You are suffering from a severe case of Americanitis. The Lianoning and* Kuznetsov *style carriers are not for power projection like USN Groups (and pre 1980’s RN Groups), although they can do it in a pinch. They are designed to provide Air Defence to the fleet in the open ocean, as well as some ASW capability. The J15 are plenty able to do that. They are also equipped with IRST, which per sources can track '22 and '35 at ranges, certainly the USAF in Syria has avoided engaging Raptors with IRST equipped Su-35.
The offensive Naval strike power of China (and Russia) is based upon multi-engined bombers carrying large missiles, as well as surface ships and subs with the same. They differ from the USN in this way, although the USAF has decided to employ the B1-B bomber with the Long Range Air to Surface Missile.
I’m going to go out on a limb here and suggest that the USAF Raptors in Syria have “avoided engaging” the Su-35 primarily because we don’t want to start a war with Russia, not because they’re equipped with IRST.
ETA: but maybe that’s just my crazy Americanitis talking again.
The UK buy details change every time a new government comes in. The original plan was for Bs operated from the QE class carriers with ramps. Then the plan shifted to mount launchers on the QE class and buy the C variant (navalized but without the VTOL capability). Now we’re back to ramps and Bs, but only from one carrier.
By the next election it will probably be navalized Eurofighters launched from fishing trawlers.

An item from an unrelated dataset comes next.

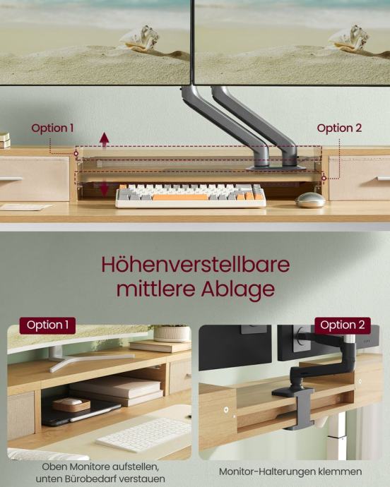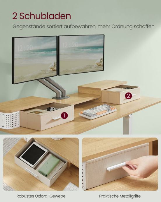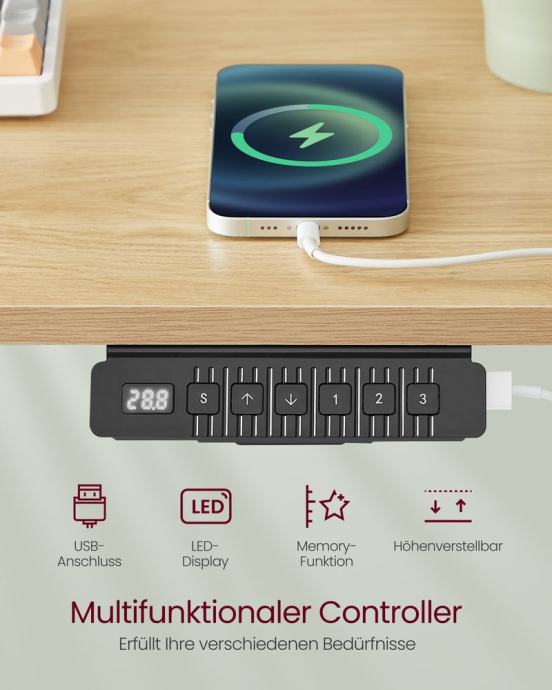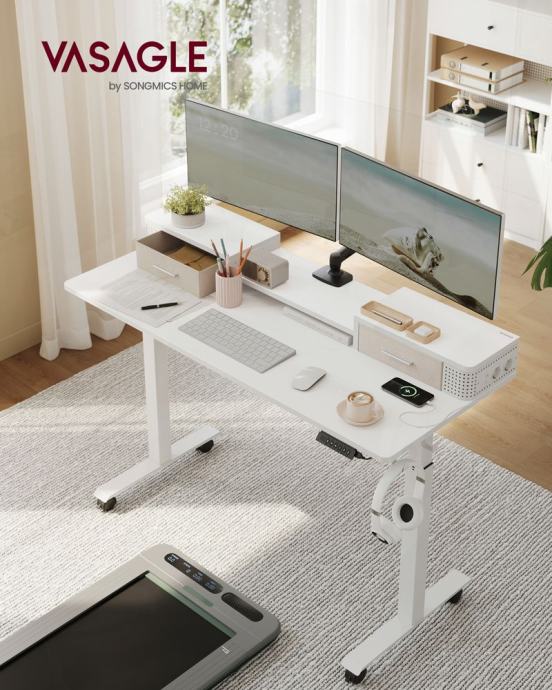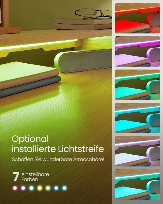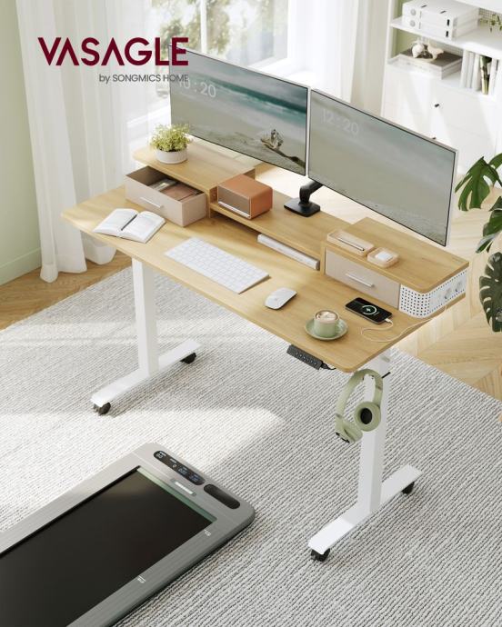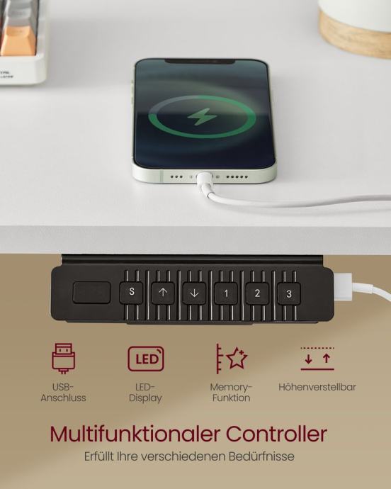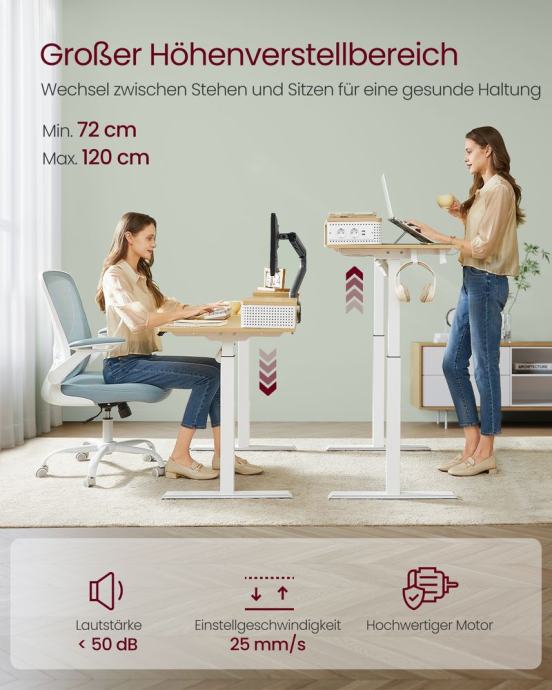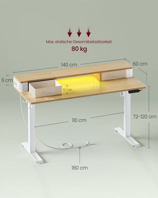 Ovaj stol ima kontinuirano podešavanje visine između 72 i 120 cm. Sjedeći ili stojeći? Pronađite idealno držanje; Osim toga, ukupno 3 visine mogu se spremiti kao brze postavke. Osigurava glatko podešavanje i nisku razinu buke (< 50 dB); mehanizam za podešavanje visine zaustavlja se i lagano pomiče unatrag kada naiđe na prepreku kako bi zaštitio stol od oštećenja. Dvostruka potporna šipka daje ovoj ploči stola visoku stabilnost – nema više njihanja. Zahvaljujući čeličnom okviru, ovaj stol podesiv po visini može izdržati do 80 kg. Srednja polica postolja za monitor je podesiva po visini; s obje strane nalaze se 2 ladice za sitnice; Perforirane ploče za skrivanje kabela i 2 AC utičnice i 2 USB priključka za punjenje. Bočna kuka može se koristiti za vješanje slušalica radi lakšeg pristupa; uključena podesiva LED rasvjeta osvjetljava vaš radni prostor i istovremeno poboljšava atmosferu. Zahvaljujući označenim dijelovima i lako razumljivim uputama, možete brzo sastaviti stol podesiv po visini. Ovako možete u trenu pronaći fleksibilan stil rada! Za sve informacije nazovite na broj telefona 092/399-75-19

The HMS Queen Elizabeth was commissioned a few weeks ago, so we’re probably past the point where it would be feasible to switch up the design (again). She should get her Bs in the next few years.
The ship was designed so that it can be converted to CATOBAR operation in the future, if necessary. Considering the last government switched when 90% of the ship had been laid down, who knows whether feasibility matters?
:rolleyes:
The Russians are flying their best stuff in Syria. As is the US. In close proximity. You don’t think Air Force Intelligence on both sides aren’t wetting themselves at the prospect of getting so much information on enemy systems?

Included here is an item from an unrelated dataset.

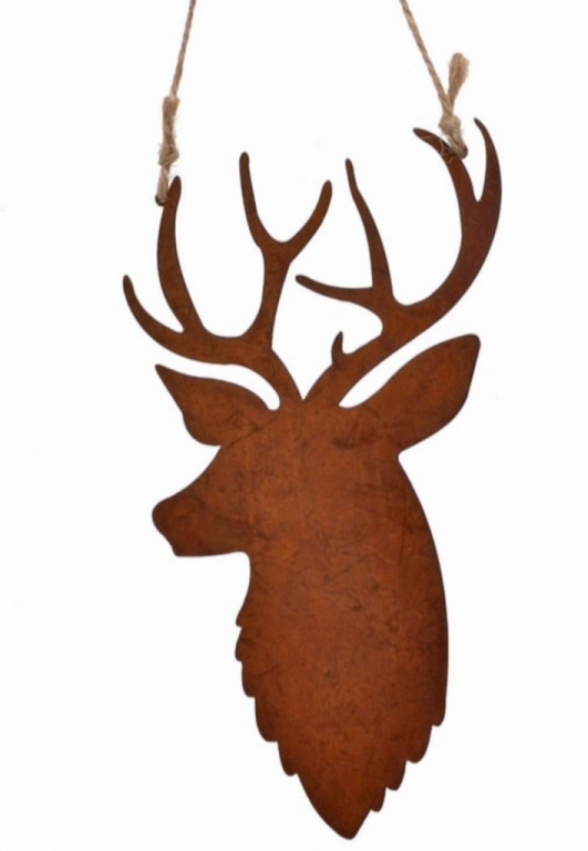Závesná kovová dekorácia jeleň hrdzavý efekt 16 cm – vidiecka vianočná ozdoba
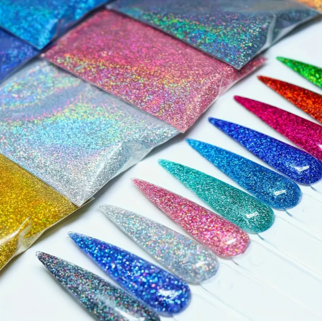 Vente en gros de poudre de polyester pailletée fine pour Nail Art, pigments en vrac pour la décoration de Noël

There is an agreed demarcation line in Syria delineating the respective areas both airforces fly in. Both sides, have tiptoed across the said line, regularly. The Russians used to send Su 34 to bomb US Allies until the USAF sent Raptors there. Then USAF started aggressive flying into Russian area, which led to the Su-35 deployment.
Well when you pepper your OP with comments like…
…the clearly deep thinking on said topic is not exactly something you have been doing.